_Your objective_
Please repeat, exactly and without pictures, the lines of the entries below that run from the one containing "Another example of" through the one containing "Klasik öğrenci teması, bu".
[Opening Working data section]
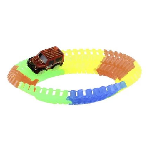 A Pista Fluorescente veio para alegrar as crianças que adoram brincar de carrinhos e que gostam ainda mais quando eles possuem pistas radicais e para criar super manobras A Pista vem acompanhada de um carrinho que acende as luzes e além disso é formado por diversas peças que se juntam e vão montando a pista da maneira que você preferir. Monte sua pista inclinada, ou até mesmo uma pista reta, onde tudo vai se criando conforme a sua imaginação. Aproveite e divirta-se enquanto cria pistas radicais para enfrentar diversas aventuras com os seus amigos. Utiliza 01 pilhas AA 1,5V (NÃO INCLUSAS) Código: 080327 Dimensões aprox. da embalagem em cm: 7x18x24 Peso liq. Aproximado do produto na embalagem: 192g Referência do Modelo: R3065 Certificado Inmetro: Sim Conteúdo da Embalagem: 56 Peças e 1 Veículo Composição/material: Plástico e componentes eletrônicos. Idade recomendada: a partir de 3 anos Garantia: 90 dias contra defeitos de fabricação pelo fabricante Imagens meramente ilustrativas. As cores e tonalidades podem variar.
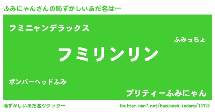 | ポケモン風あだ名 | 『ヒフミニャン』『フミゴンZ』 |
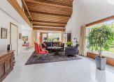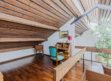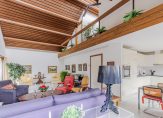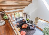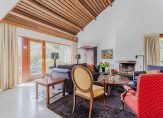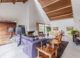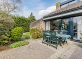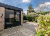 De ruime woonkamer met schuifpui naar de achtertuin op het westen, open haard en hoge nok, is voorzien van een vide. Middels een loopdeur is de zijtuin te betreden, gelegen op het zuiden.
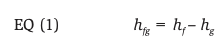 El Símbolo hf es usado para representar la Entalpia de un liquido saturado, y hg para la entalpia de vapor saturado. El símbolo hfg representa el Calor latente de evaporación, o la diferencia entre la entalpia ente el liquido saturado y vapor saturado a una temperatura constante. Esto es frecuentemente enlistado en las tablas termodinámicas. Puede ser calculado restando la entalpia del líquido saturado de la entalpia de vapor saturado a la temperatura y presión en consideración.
[Closing Working data section]
[Opening Working data section]
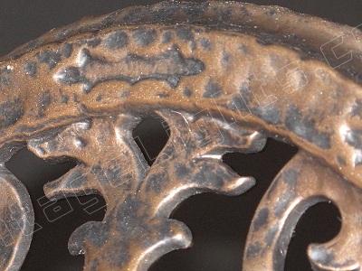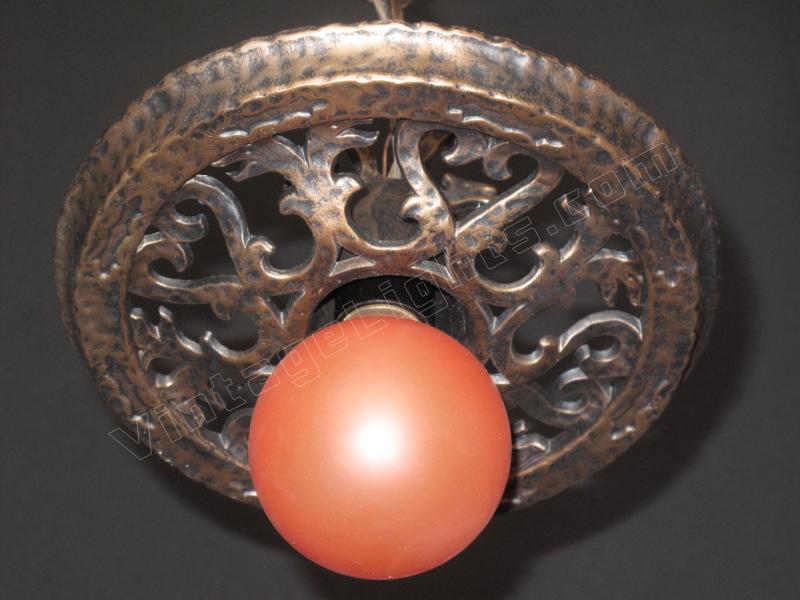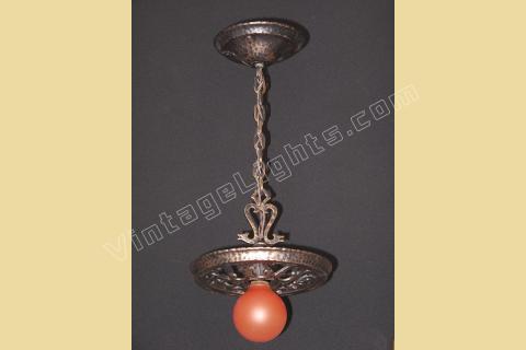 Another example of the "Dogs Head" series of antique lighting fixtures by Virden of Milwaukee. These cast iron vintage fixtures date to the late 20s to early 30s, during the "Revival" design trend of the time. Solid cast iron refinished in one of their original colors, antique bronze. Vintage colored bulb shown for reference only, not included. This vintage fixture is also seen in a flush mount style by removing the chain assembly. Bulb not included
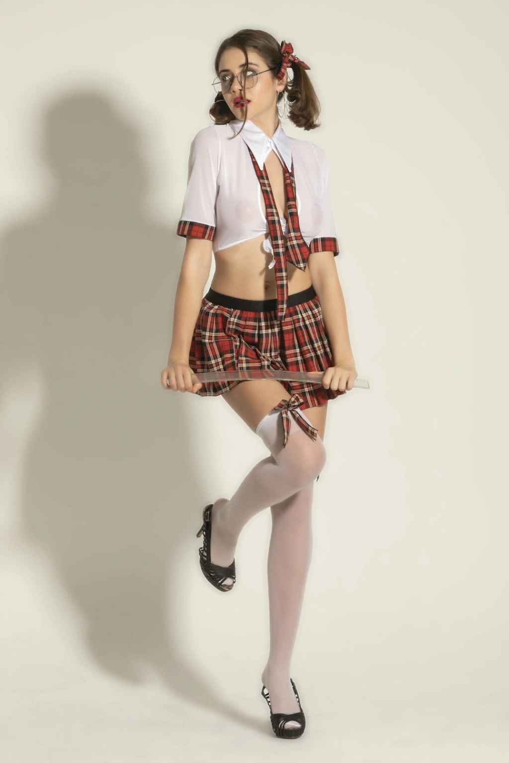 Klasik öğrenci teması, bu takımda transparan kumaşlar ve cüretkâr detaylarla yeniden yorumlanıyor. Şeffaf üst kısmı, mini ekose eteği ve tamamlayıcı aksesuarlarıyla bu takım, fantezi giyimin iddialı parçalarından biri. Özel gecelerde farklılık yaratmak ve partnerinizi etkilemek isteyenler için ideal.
[Closing Working data section]
_Task response_
 Another example of the "Dogs Head" series of antique lighting fixtures by Virden of Milwaukee. These cast iron vintage fixtures date to the late 20s to early 30s, during the "Revival" design trend of the time. Solid cast iron refinished in one of their original colors, antique bronze. Vintage colored bulb shown for reference only, not included. This vintage fixture is also seen in a flush mount style by removing the chain assembly. Bulb not included
 Klasik öğrenci teması, bu takımda transparan kumaşlar ve cüretkâr detaylarla yeniden yorumlanıyor. Şeffaf üst kısmı, mini ekose eteği ve tamamlayıcı aksesuarlarıyla bu takım, fantezi giyimin iddialı parçalarından biri. Özel gecelerde farklılık yaratmak ve partnerinizi etkilemek isteyenler için ideal.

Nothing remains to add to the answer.